Wow, thanks guys, if those aren't quick and unanimous responses...

Actually I used the search function before I posted this and I read an older thread about Sohrab Mirmontazehri here http://www.vi-control.net/forum/viewtopic.php?t=18669, the last post is Danny Poit stating that he submitted work to them and other sites in the same vein. Would be interesting to hear what he's got to say about that, he didn't seem completely devastated with the outcome. 

Not to say that I don't trust you guys, I had the same gut feeling. I'd just like to hear his take on it. 

But another point, if someone with more experience could clarify this listing about the christmas music stuff for me: http://www.submitmx.com/projects_listings.php?id=1009. There's no mention of compensation of any kind. Surely there will be some compensation if and when a song gets placed, right? I mean, RIGHT?

so long
Andreas


----------



## musicformedia (Mar 14, 2012)

Hi,

I've used it about 5 or 6 times for various listings. Twice I had "success" - as in I was accepted.

First one was to join a music licensing company called "Song Match Makers Network" or Silk and Denim Music: http://www.silkanddenimmusic.com/home.html

They required me to sign over copyrights, so I said no thank you. 

Second one was to join a music licensing company called Twisted Jukebox - had my music included on a compilation: http://www.twistedjukebox.com/pm-the_story.shtml

Made no money from Twisted Jukebox yet, but they are very nice to deal with and know what they are doing.

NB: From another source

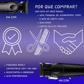 Kit de Maquinas de cortar Cabelo e de Acabamento KM2296 e KM2299

I still get the industry listings from FMN, but ignore them nowadays. What you're submitting your music to for the price of each submission is basically either a very low paying opportunity that you don't have much chance of getting, or entry into a music library - which you can just do for free yourself without having to pay FMN to submit to them for you.

Just my opinion anyway...


----------



## Desire Inspires (Nov 3, 2017)

reddognoyz said:


> I've never seen any legit listings in there, mostly trolling for free music to exploit. Oh and you have to pay to submit. The money is going in the wrong direction.





True stuff!


----------



## mouse (Nov 3, 2017)

5 year old thread revived...*checks if its "Desire Inspires"*.....yep!


----------



## Desire Inspires (Nov 3, 2017)

I checked out the listings. It is true that they are low budget/no budget projects. Why waste composers’ time?


----------